Several criteria justify the use of the read across approach to fill data gaps for single carbon number isomerised olefin substances using linear alpha olefin substances. Studies indicate that changing the carbon number, the location of the double bond, or adding branching does not measurably alter effects on mammalian health endpoints. There is a consistent toxicity potency pattern for individual alpha olefins supported by a low toxicity concern for acute oral, dermal and inhalation exposure. These materials are slightly irritating to skin and mildly irritating to non-irritating to eyes of rabbits. In repeat dose toxicity studies, hex-1-ene and tetradec-1-ene have shown comparable levels of low toxicity, with female rats exhibiting alterations in body and organ weights and changes in certain haematological values at the higher doses tested; male rats exhibiting nephropathy presumed to be associated with the alpha2u-globulin protein. Screening studies indicate that they are not neurotoxic (for hex-1-ene and tetradec-1-ene), do not produce adverse effects on reproduction or foetal development (hex-1-ene and tetradec-1-ene), and are not genotoxic (hex-1-ene, oct-1-ene, dec-1-ene, dodec-1-ene, and tetradec-1-ene). Study results for the aforementioned endpoints indicate a low hazard potential for human health. Since the addition of branching does not measurably alter the results of studies on mammalian health endpoints, there should not be any significant toxicological differences between substances in single carbon number isomerised olefins and linear alpha olefins.  Therefore, read across between these two categories can be justified.

 

Several criteria justify the use of the read across approach to fill data gaps for single carbon number isomerised olefin substances using multiple carbon number isomerised olefin substance analogues. Studies indicate that changing the carbon number, the location of the double bond, or adding branching does not measurably alter the effects on mammalian health endpoints.

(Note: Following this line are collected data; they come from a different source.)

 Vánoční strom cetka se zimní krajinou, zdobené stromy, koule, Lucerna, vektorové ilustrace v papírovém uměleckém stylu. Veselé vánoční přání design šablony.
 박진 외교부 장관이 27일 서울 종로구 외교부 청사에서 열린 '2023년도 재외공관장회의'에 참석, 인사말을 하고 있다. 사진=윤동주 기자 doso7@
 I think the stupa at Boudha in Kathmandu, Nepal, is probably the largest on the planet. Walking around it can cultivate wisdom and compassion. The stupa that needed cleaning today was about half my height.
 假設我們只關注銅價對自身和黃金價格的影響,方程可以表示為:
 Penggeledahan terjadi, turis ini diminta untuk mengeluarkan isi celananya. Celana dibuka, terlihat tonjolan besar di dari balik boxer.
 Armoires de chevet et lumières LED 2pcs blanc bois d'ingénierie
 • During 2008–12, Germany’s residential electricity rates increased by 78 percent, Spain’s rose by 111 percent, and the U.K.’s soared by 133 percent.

There is a consistent toxicity potency pattern for isomerised olefins with a range of carbon numbers and they are considered to have minimal acute toxicity potential. Genotoxicity studies indicate that these materials are not mutagenic. No adverse systemic toxicity was observed in a 90-day repeated oral dose study in which rats were exposed to alkenes, C20-24. The toxicological profile of multiple carbon number isomerised olefins described above indicates a low hazard potential for human health. Since multiple carbon number isomerised olefins, alkenes is comprised of a mixture of single carbon number isomerised olefins, no significant toxicological differences are expected between the two categories of substance and read across between these two categories can be justified.

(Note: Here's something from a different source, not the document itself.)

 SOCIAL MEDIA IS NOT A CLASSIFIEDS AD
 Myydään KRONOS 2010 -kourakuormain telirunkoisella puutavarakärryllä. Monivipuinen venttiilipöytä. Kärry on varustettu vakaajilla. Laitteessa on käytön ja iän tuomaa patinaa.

Justification for classification or non-classification

Dodecene does not meet the criteria for classification as an acute oral, dermal, or inhalation toxicant under EU Dangerous Substances Directive 67/548/EEC or CLP EU Regulation 1272/2008 because the reported LD50/LC50 values for its structural analogues exceed the upper discriminating thresholds for classification as defined in the regulations.

Dodecene is classified as Xn; R65 harmful (May cause lung damage if swallowed) according to EU Dangerous Substances Directive 67/548/EEC and as Category 1 for aspiration toxicity (H304: May be fatal if swallowed and enters airway) for CLP EU Regulation 1272/2008 (GHS aligned) based on the read-across kinematic viscosity of octadecene of 3.44 mm²/sec at 40°C.